Happiness and having or not having kids

A columnist recently wrote about recent research showing that people who have children are less happy than those that are childfree. Here article can be found here

I thought her article was fairly balanced - many of the comments to the article less so!

She quotes from the research saying:

"Parents experience lower levels of emotional well-being, less frequent positive emotions and more frequent negative emotions than their childless peers," says Florida State University's Robin Simon, a sociology professor who's conducted several recent parenting studies, the most thorough of which came out in 2005 and looked at data gathered from 13,000 Americans by the National Survey of Families and Households. "In fact, no group of parents—married, single, step or even empty nest—reported significantly greater emotional well-being than people who never had children. It's such a counterintuitive finding because we have these cultural beliefs that children are the key to happiness and a healthy life, and they're not."

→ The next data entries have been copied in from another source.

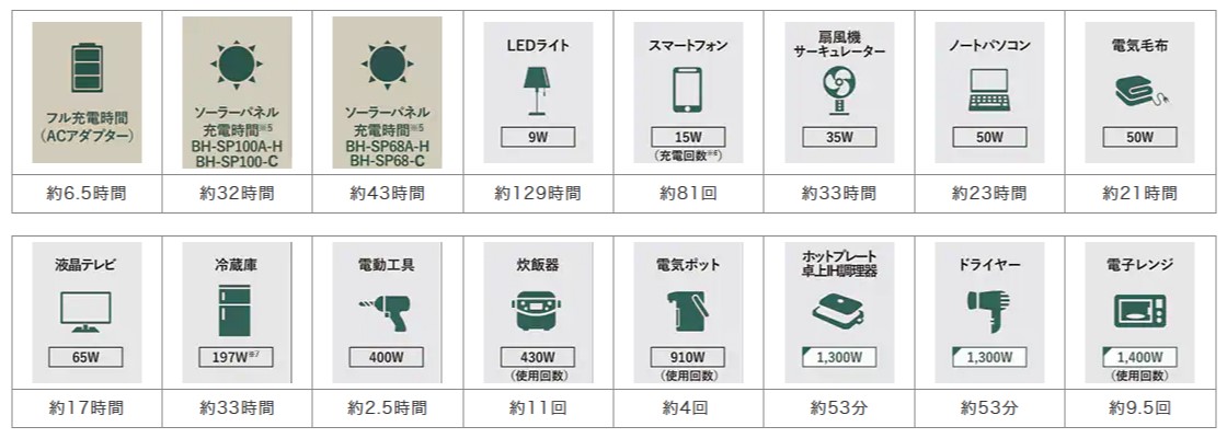 | 充電時間 | 約43時間(ソーラーパネルBH-SP68A-H/BH-SP68-C使用時) |
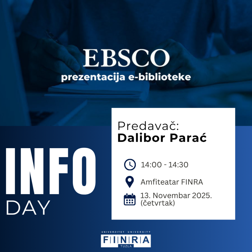 Dana 13. novembra 2025. godine, u amfiteatru Univerziteta FINRA Tuzla, biti će održana prezentacija EBSCO baze podataka za studente prve godine.
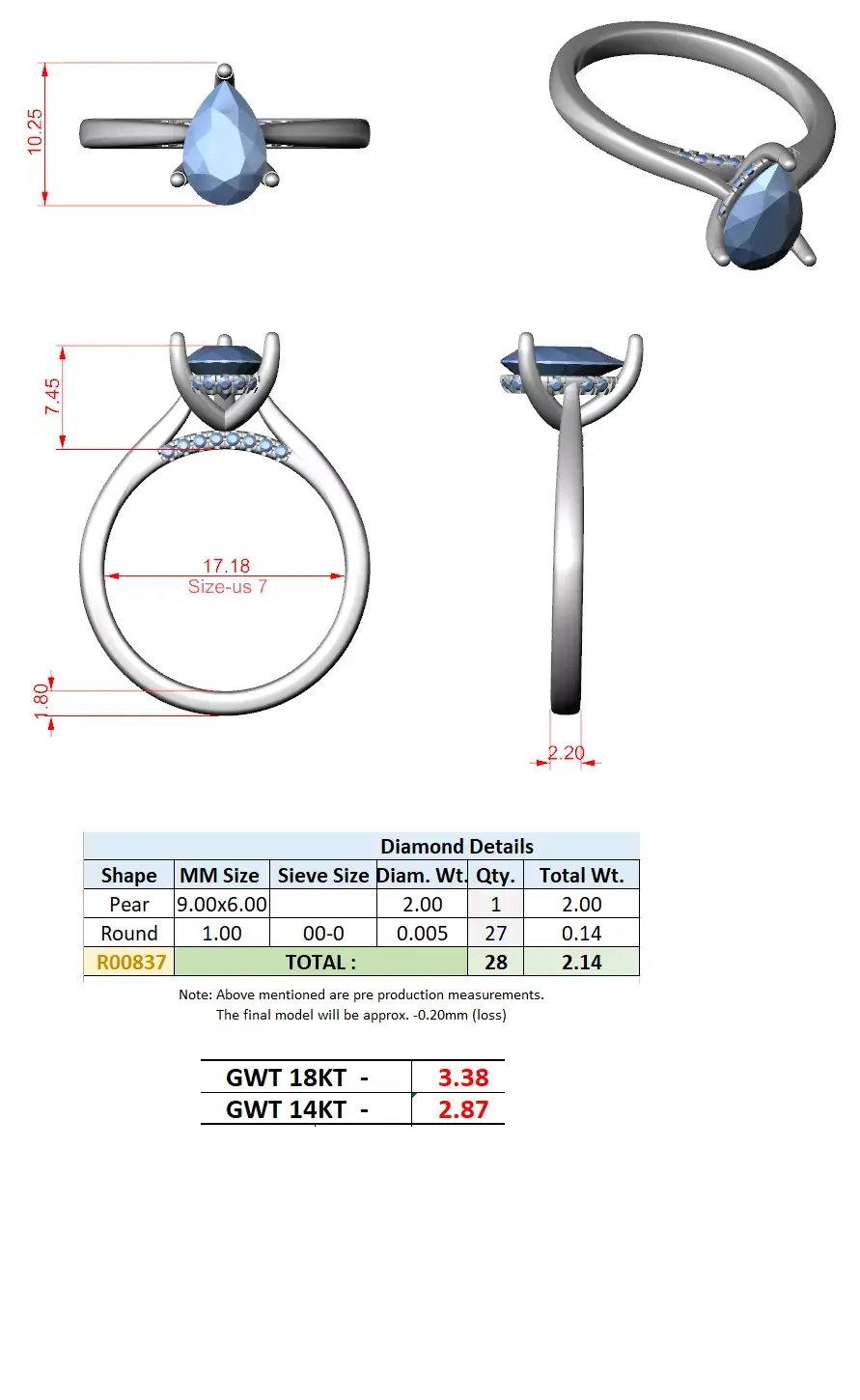 Key Features• Secure pear-cut solitaire stone setting• Protective prong structure for stone tip• Hidden accent stones beneath the head• Manufacturing-friendly construction• Comfortable and durable band profile• Clean surfaces for efficient polishing• Accurate stone seating for production• Suitable for resizing and customization
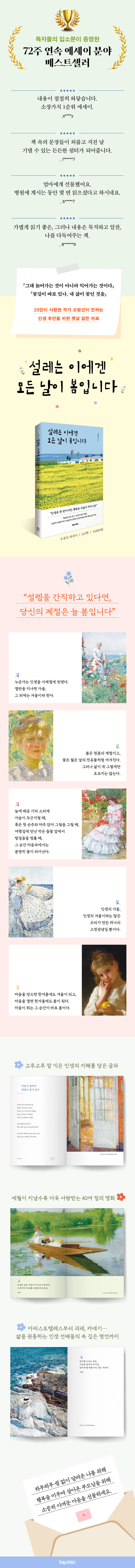 ÇÏ·çÀÇ ½ÃÀÛÀ̳ª ³¡¿¡ ÀÌ Ã¥À» õõÈ÷ ÆîÃ帶ó. ¸¶À½ÀÌ ÁöÃÄ ÀÖÀ» ¶§µµ, ¼¼»óÀÌ Â÷°©°Ô¸¸ ´À²¸Áú ¶§µµ, Ã¥ ¼Ó ¹®ÀåÀº ´ç½Å¿¡°Ô¸¸ ºñÃß´Â º½ ÇÞ»ì °°Àº À§·Î°¡ µÇ¾îÁÙ °ÍÀÌ´Ù. ±× µû½ºÇÔ ¼Ó¿¡¼ Àá½Ã ¼ûÀ» °í¸£°í, ¾ó¾îºÙÀº ¸¶À½À» Ç®¾î³» º¸ÀÚ. ±×·¸°Ô ÀڽŸ¸À» À§ÇØ ¸¶·ÃµÈ ÀÌ ¼±¹° °°Àº ¹®Àå¿¡ ´«±æÀ» ÁÖ°í, ½Ã°£À» ³»¾î ¼Õ±æÀ» °Ç³×±æ ¹Ù¶õ´Ù. ±× ½Ã°£µéÀÌ ½×ÀÌ°í ½×¿©, »îÀº ´õ °ö°Ô À;°í ´Ù½Ã±Ý ¼³·½À¸·Î ²ÉÀ» ÇÇ¿ï °ÍÀÌ´Ù. ±×¸®°í ¸¶Ä§³» ±ú´Ý°Ô µÇ¸®¶ó. ¼³·¹´Â ÀÌ¿¡°Õ, ¸ðµç ³¯ÀÌ º½ÀÓÀ».
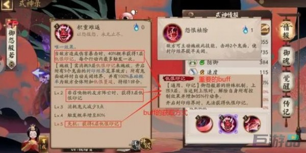 在御怨般若的技能中,有一个比较重要的buff"仇恨印记",这个buff也开启"封印结界"的关键,当"仇恨印记"叠加9层之后,就会开启结界。先来说一下结界开启之后的效果,后续总结印记的获取方式,结界是有9个鬼面围绕着的,是给全体敌方的一个结界,处于结界中所有敌方的被动技能都被替换成了"怨恨祛除"技能,敌方可以消耗1点鬼火击碎2个鬼面,当9个鬼面全部击碎,结界会自动关闭。
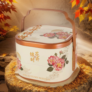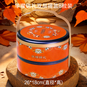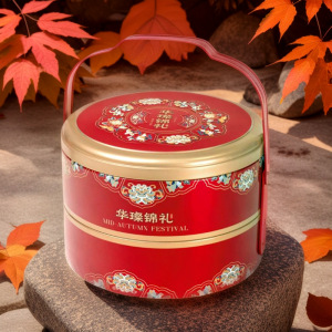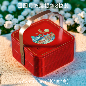2025年新款月饼包装盒礼品盒马口铁空双层手提篮中秋月饼礼盒
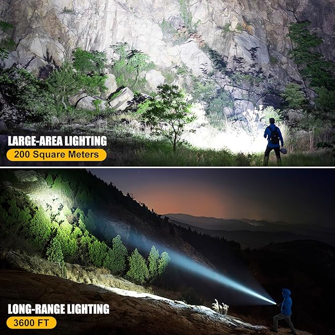- ADJUSTABLE FLASHLIGHT: Switch between wide beam and narrow beam by pulling and pushing the head of the flash light. Wide beam lighting, provides you with a bright and wide field of view when walking at night, dispels the darkness of 200 square meters for you, and narrow beam lighting is used for long-distance observation, with a maximum beam range of 3600 feet.
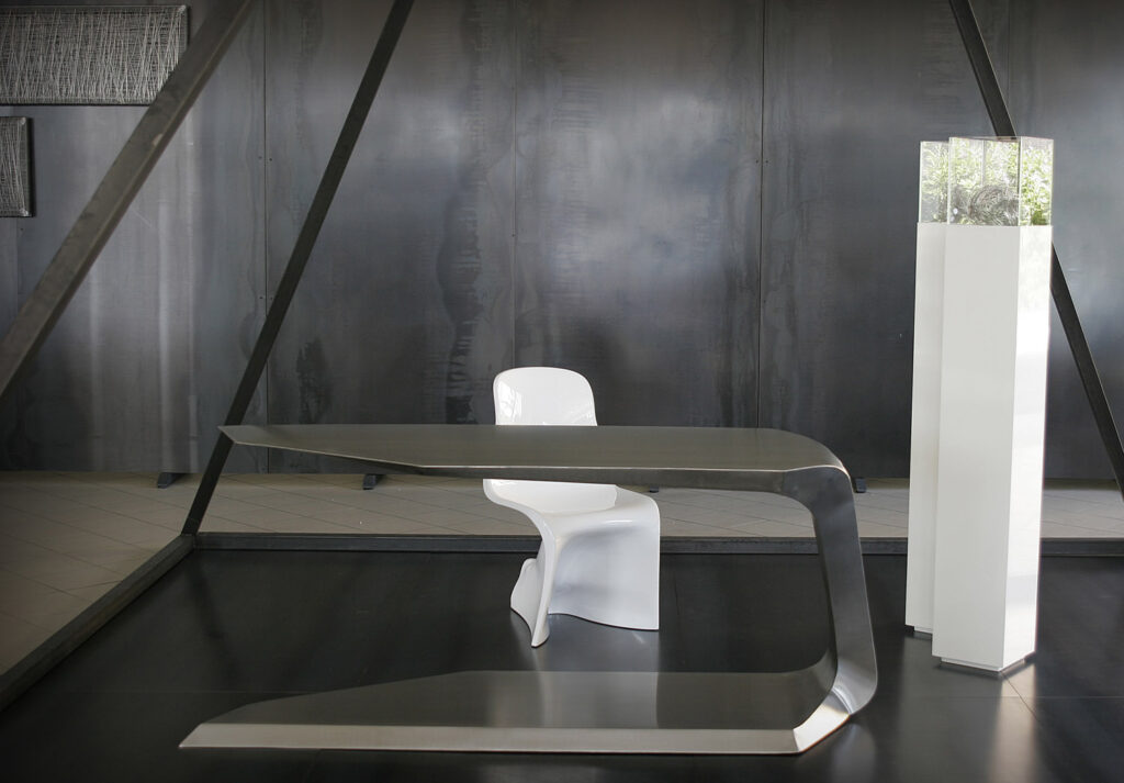 SCRIVANIA IN ACCIAIO INOX SATINATO REALIZZATA INTERAMENTE A MANO, PEZZO UNICO
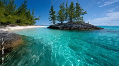 Kristallklares türkises Wasser mit kleiner bewaldeter Insel und dramatischem Himmel in tropischer Idylle
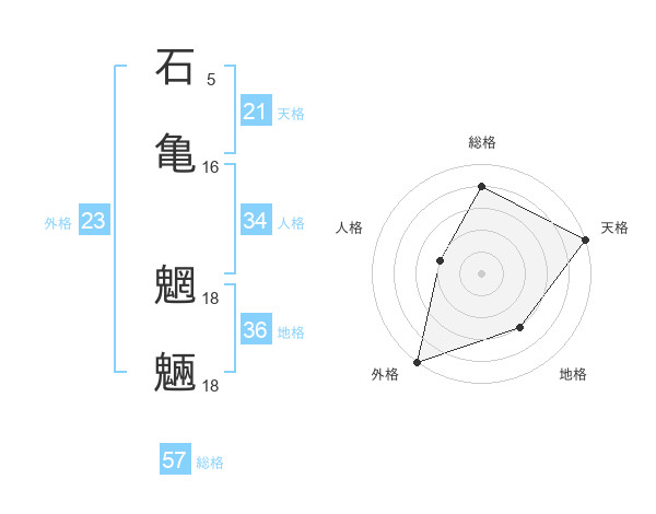 石亀 魍魎さんを姓名の画数から五運を鑑定
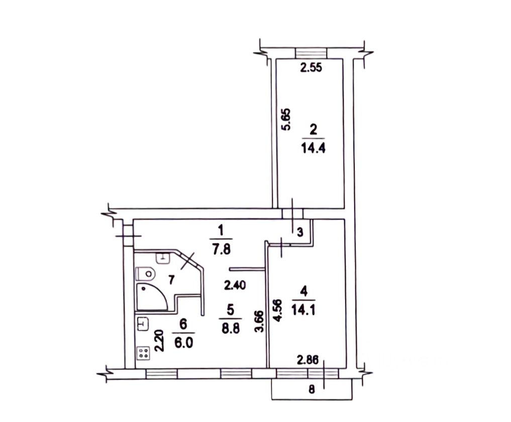 Квартира общей площадью 57,4 кв.м., жилая площадь 37,3 кв.м., кухня 6 кв.м., объединенная с гостиной 8.8 кв.м. (кухня-гостиная 15 кв.м.) комнаты 14,1 и 14,4 кв.м. изолированные, окна выходят на две стороны дома, санузел совмещенный, прихожая 7,8 кв.м. Ремонт производился в 2025 году с заменой разводки электрики и водоснабжения.
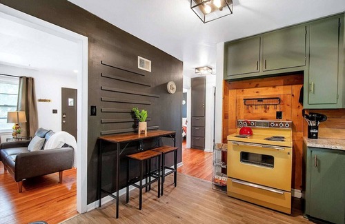 This cozy duplex, situated on a corner lot has plenty of style. Walk into the stylish living room with eclectic retro decor, 58" Smart TV and cozy furniture. The space includes a workspace.
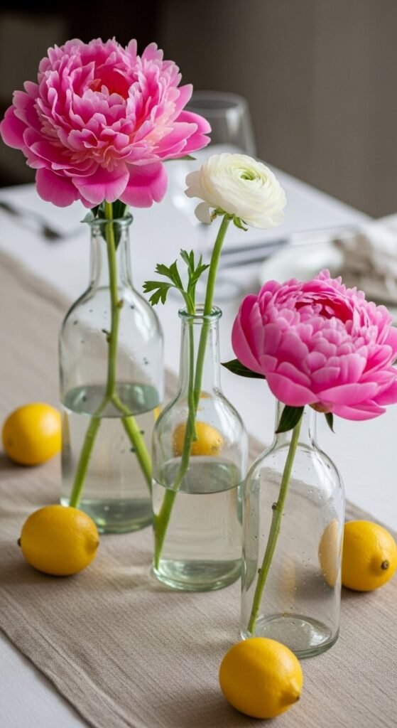 - Bud vases in a row: Gather mismatched vintage bottles or simple glass vases and fill each with single stems of seasonal flowers like tulips, daffodils, or ranunculus
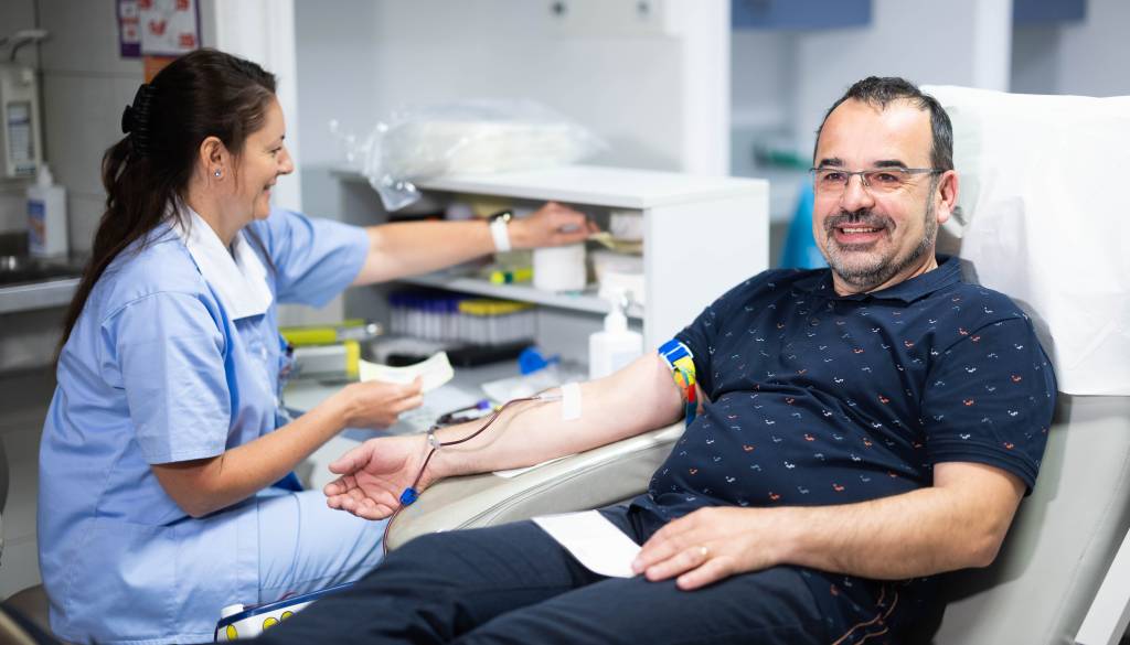 Krvodajalec, Mariborčan Jože Damiš je danes v Centru za transfuzijsko medicino Univerzitetnega kliničnega centra Maribor že stotič daroval svojo kri.

The columnist goes on to say:

Parents may openly lament their lack of sleep, hectic schedules and difficulty in dealing with their surly teens, but rarely will they cop to feeling depressed due to the everyday rigors of child rearing. "If you admit that kids and parenthood aren't making you happy, it's basically blasphemy," says Jen Singer, a stay-at-home mother of two from New Jersey who runs the popular parenting blog MommaSaid.net. "From baby-lotion commercials that make motherhood look happy and well rested, to commercials for Disney World where you're supposed to feel like a kid because you're there with your kids, we've made parenthood out to be one blissful moment after another, and it's disappointing when you find out it's not.....

For the childless, all this research must certainly feel redeeming. As for those of us with kids, well, the news isn't all bad. Parents still report feeling a greater sense of purpose and meaning in their lives than those who've never had kids. And there are other rewarding aspects of parenting that are impossible to quantify....Perhaps it just comes down to how you see the candy dish—half empty or half full. Or at least as a parent, that's what I'll keep telling myself.'

2 comments:

Tara@From Dawn Till Rusk said...

All utter rot! How can you lump all parents into one corner and all those people without children in the other? I know some very happy childless couples and I know some very miserable childless couples. And I know an awful lot of mums who really struggle with the daily grind of parenting and openly admit to sometimes feeling like they want a hole to open up in the ground so they can disappear for a week. But I can't think of one of them who, despite the heartache, stress and feelings of total inadequacy, would ever say they wish they had never had children.
I just don't think you can pigeonhole people like that - well researched article or not.

Thepeteo said...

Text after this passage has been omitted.